(Source data begins)

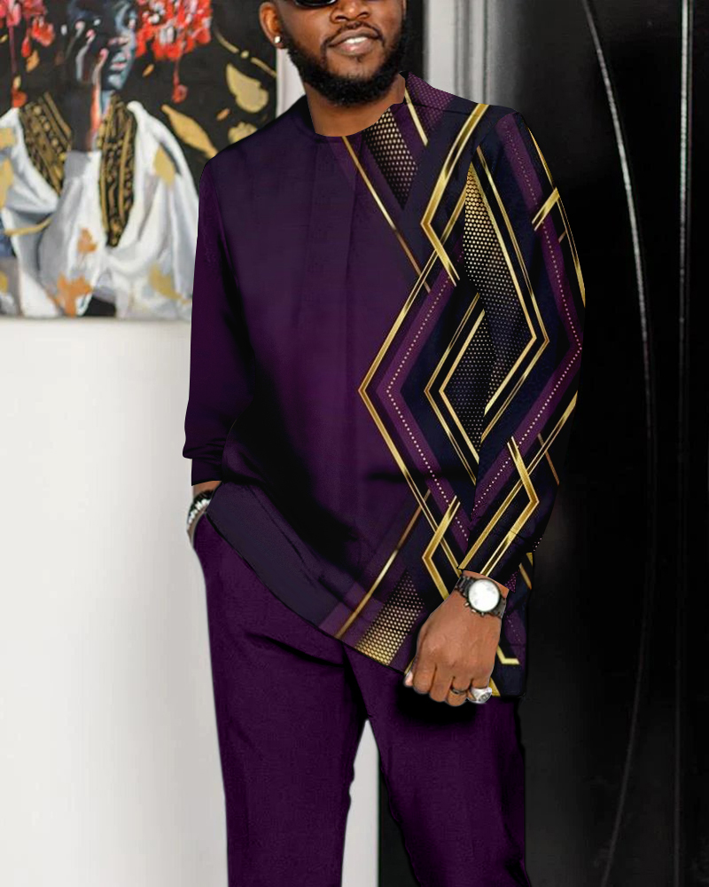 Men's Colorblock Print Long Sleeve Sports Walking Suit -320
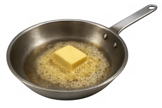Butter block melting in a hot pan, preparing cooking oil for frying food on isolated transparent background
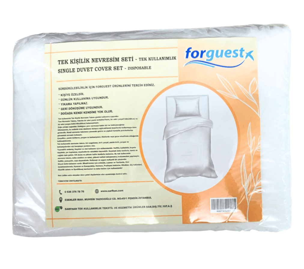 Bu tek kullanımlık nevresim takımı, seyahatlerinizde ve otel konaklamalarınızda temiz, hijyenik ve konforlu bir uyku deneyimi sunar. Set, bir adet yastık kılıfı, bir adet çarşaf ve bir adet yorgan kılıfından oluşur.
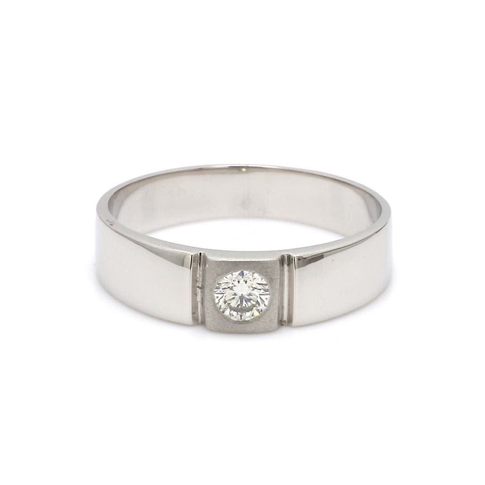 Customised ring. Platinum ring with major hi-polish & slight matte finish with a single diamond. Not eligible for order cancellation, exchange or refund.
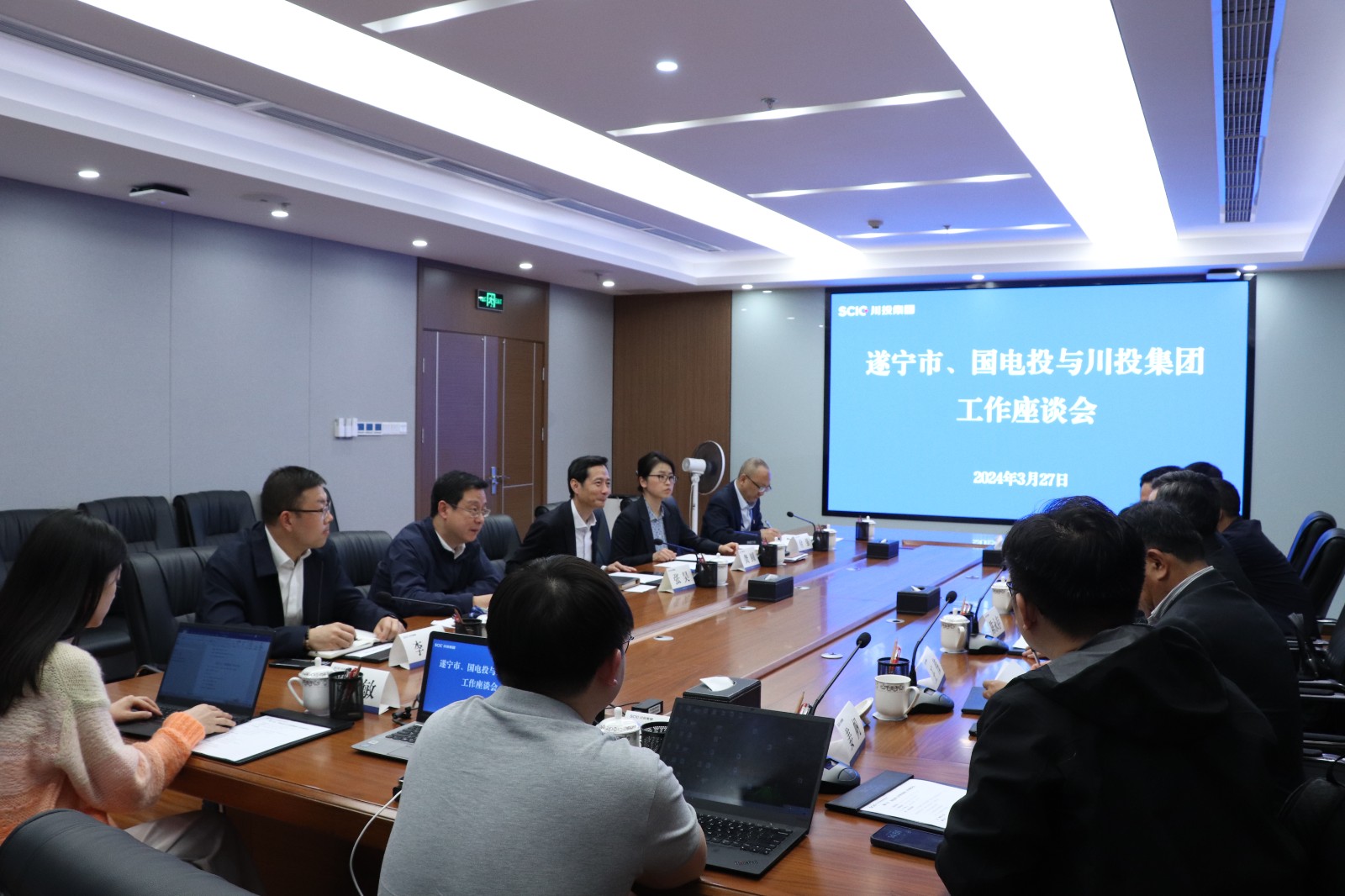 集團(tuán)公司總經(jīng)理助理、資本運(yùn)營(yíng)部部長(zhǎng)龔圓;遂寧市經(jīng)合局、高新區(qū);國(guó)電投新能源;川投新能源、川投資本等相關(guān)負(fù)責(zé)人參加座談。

(Source data ends)
(Source data begins)

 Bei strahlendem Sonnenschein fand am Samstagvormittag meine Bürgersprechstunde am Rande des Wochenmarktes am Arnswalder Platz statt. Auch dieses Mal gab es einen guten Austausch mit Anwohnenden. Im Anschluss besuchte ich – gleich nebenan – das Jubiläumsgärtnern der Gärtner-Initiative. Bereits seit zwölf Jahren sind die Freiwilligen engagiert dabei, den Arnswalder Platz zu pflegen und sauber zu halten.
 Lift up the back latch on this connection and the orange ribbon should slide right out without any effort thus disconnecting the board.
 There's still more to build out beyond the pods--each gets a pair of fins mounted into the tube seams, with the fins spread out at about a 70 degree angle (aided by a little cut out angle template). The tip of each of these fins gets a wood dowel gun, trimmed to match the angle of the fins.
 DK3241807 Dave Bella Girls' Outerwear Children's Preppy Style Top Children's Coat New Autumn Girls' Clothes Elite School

(Source data ends)
(Source data begins)

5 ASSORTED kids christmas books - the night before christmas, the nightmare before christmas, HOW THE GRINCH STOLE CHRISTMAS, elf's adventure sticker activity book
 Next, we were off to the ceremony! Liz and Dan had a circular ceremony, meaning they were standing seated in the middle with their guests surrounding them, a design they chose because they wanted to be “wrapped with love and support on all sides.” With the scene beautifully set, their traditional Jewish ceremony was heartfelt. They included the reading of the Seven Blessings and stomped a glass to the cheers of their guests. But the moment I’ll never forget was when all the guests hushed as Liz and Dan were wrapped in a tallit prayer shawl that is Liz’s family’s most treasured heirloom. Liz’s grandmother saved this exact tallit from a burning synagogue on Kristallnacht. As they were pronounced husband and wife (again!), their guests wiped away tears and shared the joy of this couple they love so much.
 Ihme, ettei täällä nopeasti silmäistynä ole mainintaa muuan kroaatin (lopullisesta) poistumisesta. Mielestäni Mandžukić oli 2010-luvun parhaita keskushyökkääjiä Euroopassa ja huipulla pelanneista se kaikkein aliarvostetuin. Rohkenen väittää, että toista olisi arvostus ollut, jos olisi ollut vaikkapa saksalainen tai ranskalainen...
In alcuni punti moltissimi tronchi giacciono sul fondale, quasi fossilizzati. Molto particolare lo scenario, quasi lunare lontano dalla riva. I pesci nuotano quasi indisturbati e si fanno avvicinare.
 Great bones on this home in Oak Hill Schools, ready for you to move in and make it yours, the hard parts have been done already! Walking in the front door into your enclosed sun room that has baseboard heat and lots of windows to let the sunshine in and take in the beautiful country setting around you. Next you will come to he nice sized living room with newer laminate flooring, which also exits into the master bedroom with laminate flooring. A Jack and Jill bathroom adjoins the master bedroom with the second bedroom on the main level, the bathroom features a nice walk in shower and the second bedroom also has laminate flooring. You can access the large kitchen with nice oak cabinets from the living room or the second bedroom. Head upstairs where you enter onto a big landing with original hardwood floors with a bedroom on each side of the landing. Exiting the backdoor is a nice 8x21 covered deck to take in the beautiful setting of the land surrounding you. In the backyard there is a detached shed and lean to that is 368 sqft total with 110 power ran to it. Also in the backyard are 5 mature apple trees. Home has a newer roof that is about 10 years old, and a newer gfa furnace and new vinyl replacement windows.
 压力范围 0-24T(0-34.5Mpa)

(Source data ends)

=== Work required ===
What are the lines, exactly as written above, from the line with "In alcuni punti" to the line with "压力范围 0-24T(0-34.5Mpa)", both included? Output only those.

=== Output below ===
In alcuni punti moltissimi tronchi giacciono sul fondale, quasi fossilizzati. Molto particolare lo scenario, quasi lunare lontano dalla riva. I pesci nuotano quasi indisturbati e si fanno avvicinare.
 Great bones on this home in Oak Hill Schools, ready for you to move in and make it yours, the hard parts have been done already! Walking in the front door into your enclosed sun room that has baseboard heat and lots of windows to let the sunshine in and take in the beautiful country setting around you. Next you will come to he nice sized living room with newer laminate flooring, which also exits into the master bedroom with laminate flooring. A Jack and Jill bathroom adjoins the master bedroom with the second bedroom on the main level, the bathroom features a nice walk in shower and the second bedroom also has laminate flooring. You can access the large kitchen with nice oak cabinets from the living room or the second bedroom. Head upstairs where you enter onto a big landing with original hardwood floors with a bedroom on each side of the landing. Exiting the backdoor is a nice 8x21 covered deck to take in the beautiful setting of the land surrounding you. In the backyard there is a detached shed and lean to that is 368 sqft total with 110 power ran to it. Also in the backyard are 5 mature apple trees. Home has a newer roof that is about 10 years old, and a newer gfa furnace and new vinyl replacement windows.
 压力范围 0-24T(0-34.5Mpa)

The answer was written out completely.